Evaluating and optimizing energy and comfort performance in airport cooling systems through dynamic occupancy modeling and time-series clustering

Energy inefficiency in airport HVAC systems challenges carbon reduction efforts, as traditional control strategies—like uniform and zone function-based controls—often cause over-conditioning and discomfort. Large public buildings with open-plan layouts require dynamic occupancy distribution and high-resolution zoning to optimize HVAC performance. Existing studies relying on low-resolution zoning overlook significant occupancy variations, limiting their effectiveness. This study addresses these challenges by developing an integrated simulation framework that combines ABM and BEM to capture spatio-temporal occupancy variations at a high resolution. Field surveys and Monte Carlo sampling were employed to generate passenger samples and airport service levels. A novel high-resolution partitioning rule was introduced to reflect the dynamic nature of occupant behavior in open spaces.

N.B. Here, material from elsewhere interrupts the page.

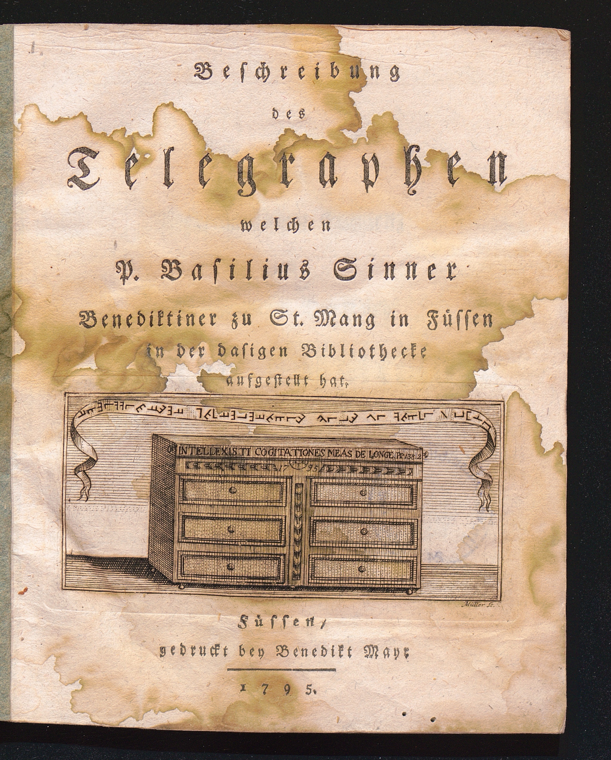 Beschreibung des Telegraphen : welchen P. Basilius Sinner Benediktiner zu St. Mang in Füssen in der dasigen Bibliothecke aufgestellt hat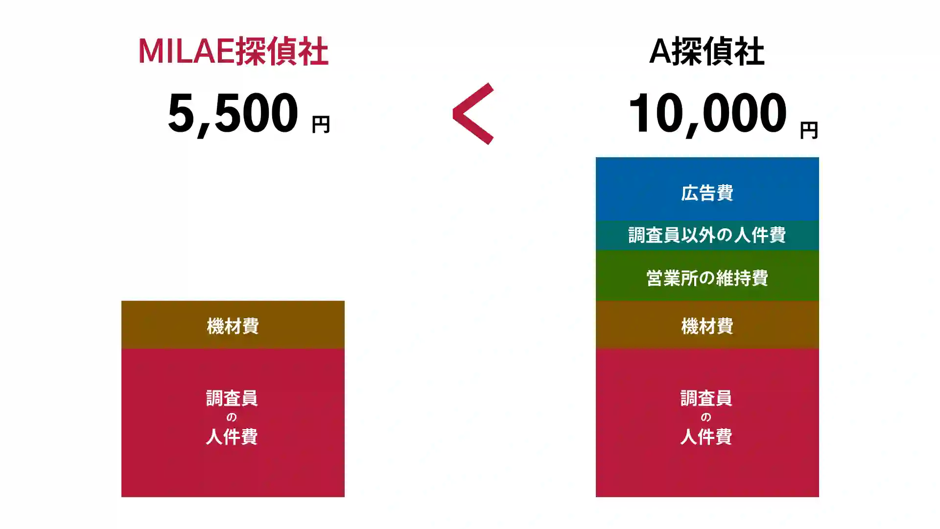 不要な経費を抑え、撮影機材と調査員の人件費のみにお金をかけているから実現できたこの価格。

Additionally, a cooling control strategy based on Dynamic Time Warping was tested, with 7 control scenarios designed to compare energy and thermal performance. The results demonstrate that the proposed high-resolution zoning approach and DTW-based clustering strategy outperform traditional low-resolution and zone-function-based control methods by more accurately capturing dynamic passenger density and temperature demand fluctuations. Unlike Euclidean distance-based clustering, DTW identifies temporal relationships, such as delayed peaks in thermal demand, enabling informed control strategies. Specifically, these methods achieved energy savings of 14.15–16.65 % and thermal comfort improvements ranging from 2.4 % to 3.18 % compared to zone function-based control. By integrating high-resolution occupancy data and advanced clustering techniques, this study offers a dynamic and adaptive solution for optimizing HVAC performance, addressing key shortcomings of existing control strategies, and advancing occupant-centric sustainable building management.